Aside from her cancer, my mother has been pretty healthy, but she’s now nearly 90. Sooner or later health care is going to become more important. And for the next five years, she’ll need to see an oncologist every 3-6 months to nip any recurrence in the bud. So that makes SMA somewhat challenging.
The next obvious place is Ajijic. There are loads of Gringos there, along with plenty of assisted living facilities, and a climate I know my mother would love. I’d really like to see her in a place where she can connect with other Americans, or at least fluent English speakers. Though she’s said she’s willing to try to learn Spanish (kudos, mom!), I’m skeptical that she’d be able to learn enough quickly enough to socialize with Mexicans successfully. There are also good hospitals in nearby Guadalajara if the need should arise.
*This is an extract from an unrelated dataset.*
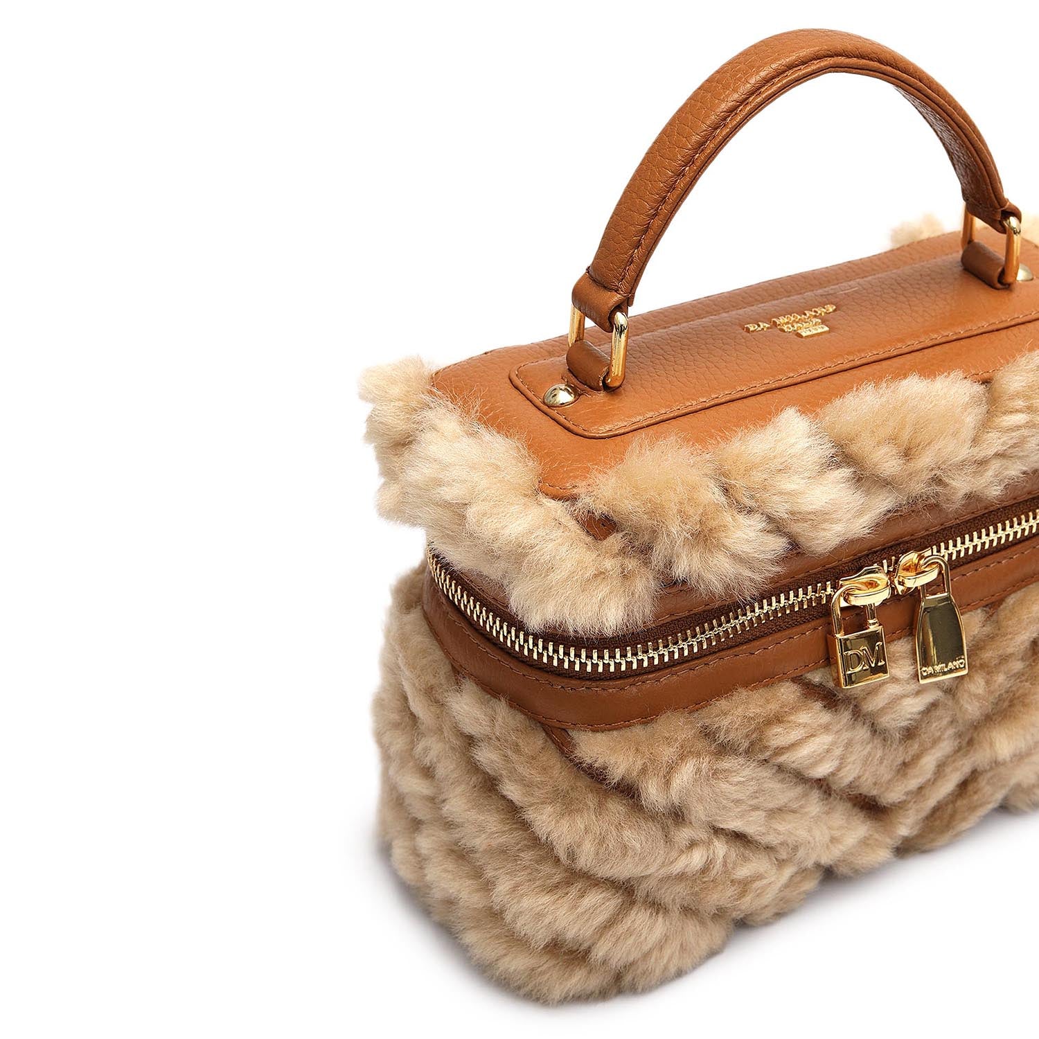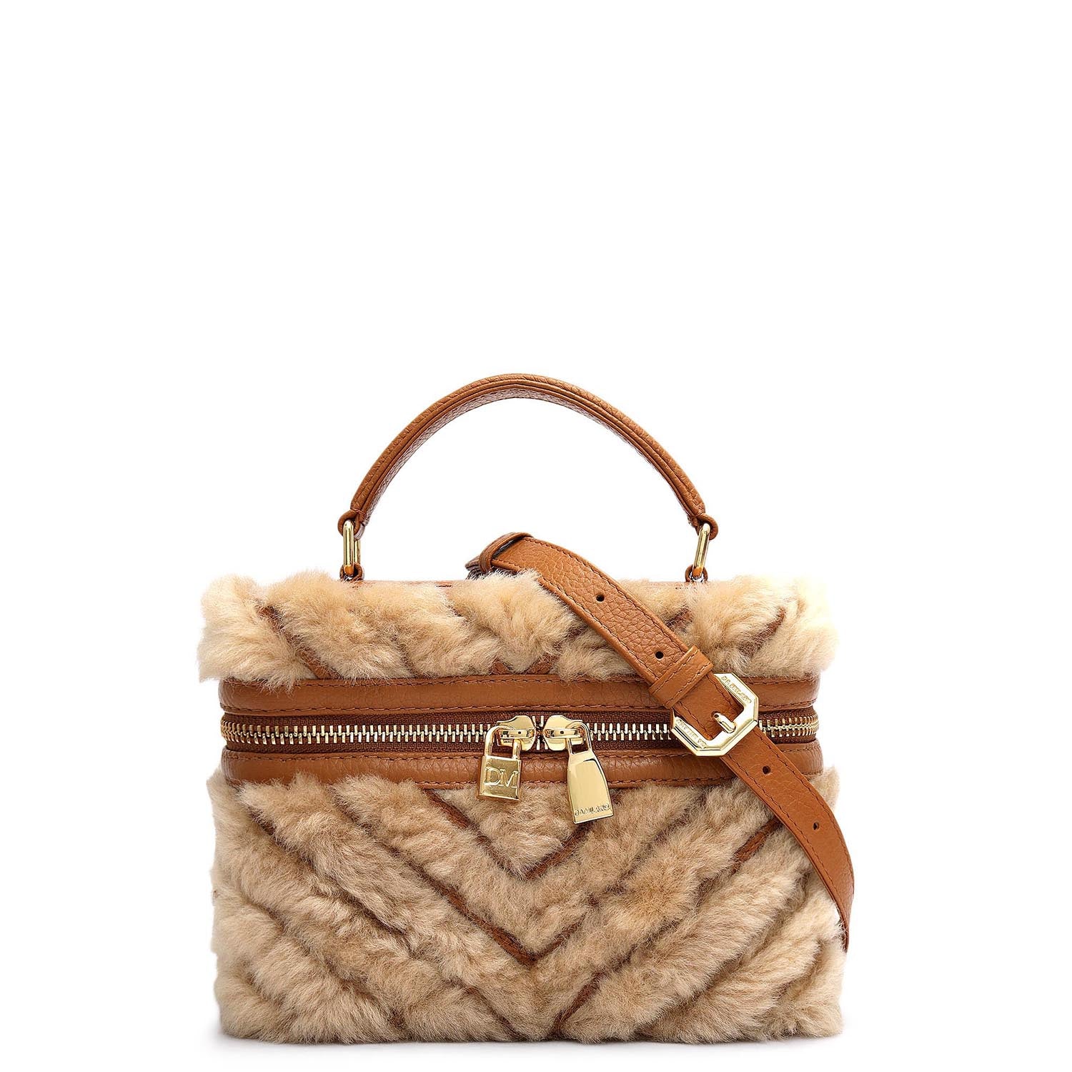 Small Fur Wax Leather Satchel - Beige & Cognac

The only real problem with Ajijic is that I neither want to live there, nor do I want to live in Guadalajara. Still, I did do some quick searches on real estate there, and it’s surprisingly cheaper than Mexico City, maybe 35% less, perhaps even less than that. Moreover, decrepit but large colonial houses can be had in the Centro for cheap. But while Guadalajara has a lot going for it, I just didn’t feel like it clicked for me when I spent a week there in 2014. Still, I could probably have a fine life in Guadalajara, and it’s certainly got loads of gay people who seem to be everywhere. But it’s also full of ugly buildings (my biggest objection), much more so than CDMX. And it’s a much more conservative place than CDMX too.
Meanwhile, the fact that Medicare doesn’t cover services in Mexico is also a potential issue. Yes, I realize that cash prices for basic medical care in Mexico are quite affordable, but they could still add up for an elderly person. One thing I’ve considered is moving us to Mexico, but getting my mother established with a doctor in, say, Laredo. We could then go there from time to time, relying on Mexican medicine for emergencies. Of course that’s not an ideal solution. Mom gets monthly injections in her eyes to treat the macular degeneration. I suspect that driving from either GDL or CDMX to Laredo every month would get old fast, though such injections could probably be had in either one of those Mexican cities. The question then is cost.
So I’m still mulling the question of what to do. By the end of February mom will be done with her cancer treatments and her next chapter can begin. Any suggestions? Does anyone know of a good assisted living facility for Gringos in Mexico?
Saludos and thanks for reading and for any suggestions you might have.